“Avvicinamenti”, il cinema per i giovani

Sergio Fant presenta la nuova rassegna del Trento Film Festival.

“Avvicinamenti”, il cinema per i giovani

In occasione del secondo appuntamento della rassegna “Avvicinamenti” del Trento Film Festival, pubblichiamo un’intervista col responsabile della programmazione Sergio Fant.

Ci parleresti innanzitutto di “Avvicinamenti”, rassegna che, essendo legata ai giovani, sentiamo molto vicina?

Il Trento Film Festival si svolgeva tradizionalmente tra fine Aprile e inizio Maggio, in periodi in cui gli studenti non erano in città. Quest’anno (il periodo del Festival è 1-10 Maggio, ndr) abbiamo pensato di riaprire il dialogo con gli studenti che vivono a Trento, cercando di costruirlo passo passo nelle settimane che precedono la rassegna tradizionale. Abbiamo cercato di unire i modelli a noi già noti della rassegna e delle proiezioni annuali, e il risultato è stato questa kermesse con otto appuntamenti itineranti (dal cinema Astra al teatro Sanbapolis, dall’aula Kessler al Centro di formazione internazionale per la cooperazione), per andarci a cercare questo nuovo pubblico, andandogli incontro e facendo la prima mossa.

Puntate quindi a una sorta di fidelizzazione.

Si, cerchiamo di aprire nuovi rapporti con un nuovo pubblico, più giovane, presentando il Festival nelle sue varie anime, dagli aspetti naturalistici a quelli sociali, dal film di fiction al documentario politico, convinti che questo pubblico possa scoprire che c’è qualcosa per tutti, con un’attenzione rinnovata per l’inaugurazione di maggio.

Hai fatto un accenno al programma: ci sono tutti film interessanti e stimolanti, da “Qui”, che presenta una tematica sentita come quella sulla TAV, al nuovo documentario di Ammaniti.

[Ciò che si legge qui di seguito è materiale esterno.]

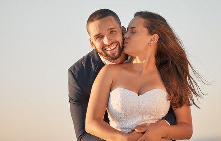 Wedding, bride and groom kiss portrait in romantic sunset ceremony to celebrate marriage in Mexico. Care, love and passion of married Mexican man and woman at celebration together with dusk sky.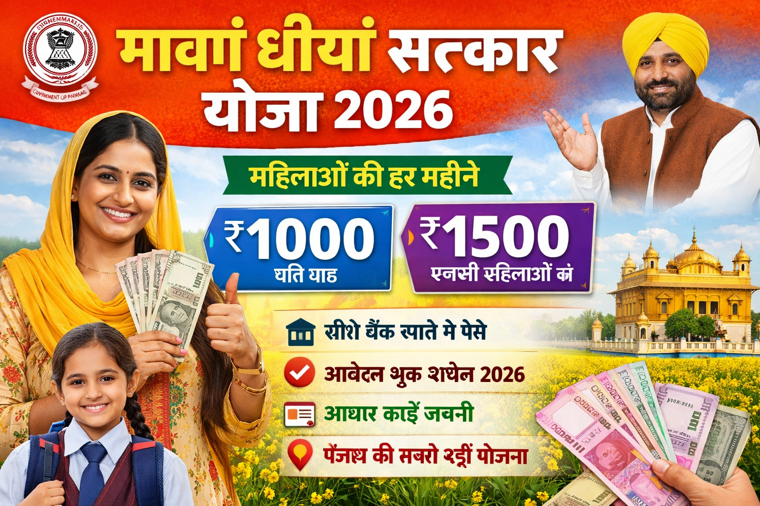 👩👧 मुख्यमंत्री मावां धीयां सत्कार योजना (Punjab) — Full Details 2026 यह पंजाब सरकार की नई 2026 की सबसे बड़ी महिला सहायता योजना है, जिसमें महिलाओं को हर महीने सीधे पैसे दिए जाएंगे।नीचे पूरी और अपडेट जानकारी आसान भाषा में 👇 📌 योजना क्या है? मुख्यमंत्री मावां धीयां सत्कार योजना पंजाब सरकार द्वारा शुरू की … Read more

Un criterio di strutturazione di questa rassegna è stato la varietà di proposte, un altro la possibilità di mostrare dei film che non avremmo potuto proiettare al Festival per questioni di tempistiche, come ad esempio “Cloro” o il documentario di Gallianone, “Qui”, che tratta di un tema sentitissimo a Trento. Per noi era importante portare qui questo film e dare l’opportunità agli spettatori di incontrare il regista, questa nuova rassegna ci ha dato l’opportunità di farlo.

Un modo di dare ancora più importanza al Trento Film Festival quindi.

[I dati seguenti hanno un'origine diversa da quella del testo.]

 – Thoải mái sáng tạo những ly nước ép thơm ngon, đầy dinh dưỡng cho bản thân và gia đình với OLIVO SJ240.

Diciamo che si sono presentati dei casi interessanti e ci sono state delle occasioni fortuite, dalla prima nazionale di “Cloro” alla prima regionale di “Qui”, al documentario di Ammaniti,film girato raccontando storie di italiani andati a vivere in India, che introdurrà un’intera sezione del Festival su questa bellissima  terra.

Un’ultima domanda generale sul Festival, che presenta tante novità quest’anno.

Si, alcune sono state già annunciate, come l’apertura con la proiezione di “Maciste alpino”, con la musica live di Raffaele Casarano, la chiusura con “Vertigine bianca”, importante collaborazione con il CIO, o la già citata rassegna sull’India.  Ci saranno anche altre novità che però teniamo in serbo, essendo il programma, che annunceremo a metà Aprile, ancora in via di definizione.